__TRY IT__
For this task, output exactly the lines of the material below starting at the line with "Wir haben andere" and ending at the line with "総勢20人が活動するガールス"; pictures are to be excluded.

__GIVEN DATA__
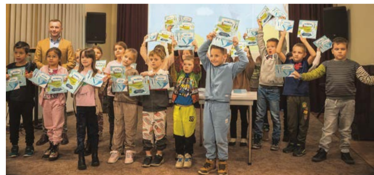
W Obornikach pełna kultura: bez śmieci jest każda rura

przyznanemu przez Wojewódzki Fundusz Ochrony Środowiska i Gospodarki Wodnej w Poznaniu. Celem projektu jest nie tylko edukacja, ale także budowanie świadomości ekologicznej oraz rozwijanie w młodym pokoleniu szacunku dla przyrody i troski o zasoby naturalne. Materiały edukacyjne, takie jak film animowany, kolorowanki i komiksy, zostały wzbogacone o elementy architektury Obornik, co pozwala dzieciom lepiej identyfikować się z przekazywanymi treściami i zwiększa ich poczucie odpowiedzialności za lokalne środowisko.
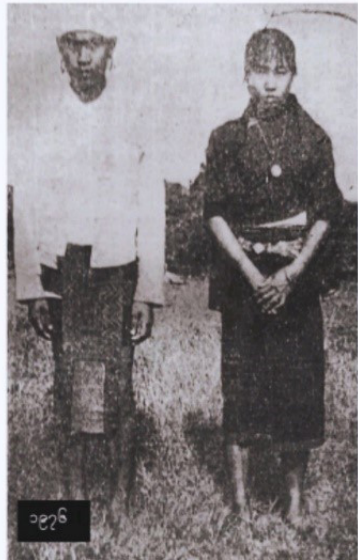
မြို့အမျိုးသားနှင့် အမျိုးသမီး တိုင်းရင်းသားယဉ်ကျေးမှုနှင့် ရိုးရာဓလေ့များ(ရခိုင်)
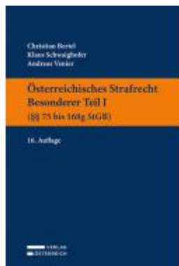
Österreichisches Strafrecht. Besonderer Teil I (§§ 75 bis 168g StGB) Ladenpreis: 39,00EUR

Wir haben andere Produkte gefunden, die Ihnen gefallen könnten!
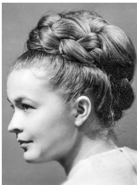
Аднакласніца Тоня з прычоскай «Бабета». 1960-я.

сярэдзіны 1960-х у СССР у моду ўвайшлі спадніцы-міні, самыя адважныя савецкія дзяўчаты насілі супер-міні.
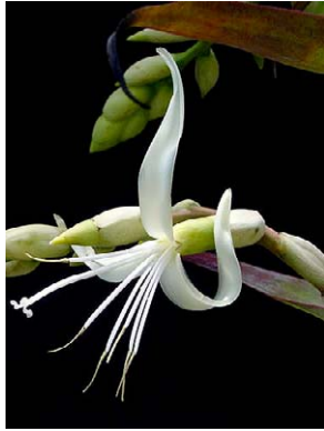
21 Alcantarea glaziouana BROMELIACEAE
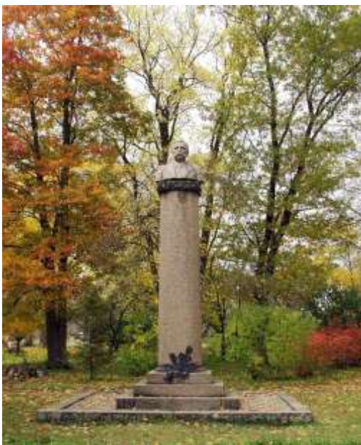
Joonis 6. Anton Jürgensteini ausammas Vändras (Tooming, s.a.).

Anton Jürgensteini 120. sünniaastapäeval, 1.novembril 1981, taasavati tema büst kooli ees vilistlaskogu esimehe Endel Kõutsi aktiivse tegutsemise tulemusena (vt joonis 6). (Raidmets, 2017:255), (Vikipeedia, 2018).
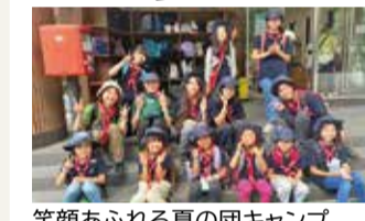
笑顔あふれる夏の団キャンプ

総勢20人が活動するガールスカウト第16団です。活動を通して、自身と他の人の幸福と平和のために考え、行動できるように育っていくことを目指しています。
==
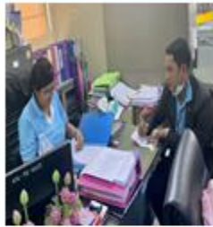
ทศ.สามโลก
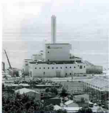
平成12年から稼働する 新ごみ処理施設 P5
* * *
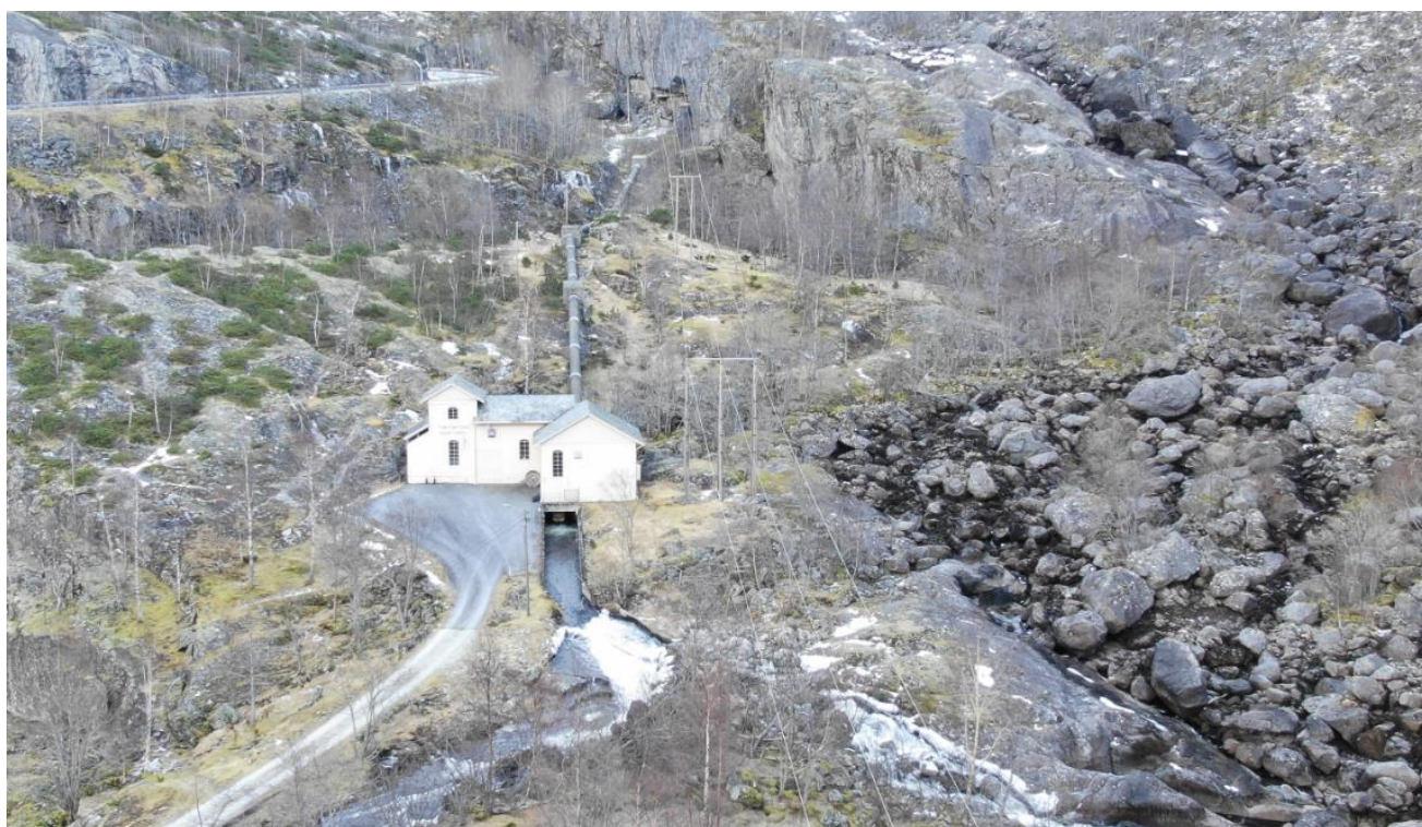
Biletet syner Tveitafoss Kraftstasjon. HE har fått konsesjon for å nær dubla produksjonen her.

__TASK ANSWER__
Wir haben andere Produkte gefunden, die Ihnen gefallen könnten!
Аднакласніца Тоня з прычоскай «Бабета». 1960-я.

сярэдзіны 1960-х у СССР у моду ўвайшлі спадніцы-міні, самыя адважныя савецкія дзяўчаты насілі супер-міні.
21 Alcantarea glaziouana BROMELIACEAE
Joonis 6. Anton Jürgensteini ausammas Vändras (Tooming, s.a.).

Anton Jürgensteini 120. sünniaastapäeval, 1.novembril 1981, taasavati tema büst kooli ees vilistlaskogu esimehe Endel Kõutsi aktiivse tegutsemise tulemusena (vt joonis 6). (Raidmets, 2017:255), (Vikipeedia, 2018).
笑顔あふれる夏の団キャンプ

総勢20人が活動するガールスカウト第16団です。活動を通して、自身と他の人の幸福と平和のために考え、行動できるように育っていくことを目指しています。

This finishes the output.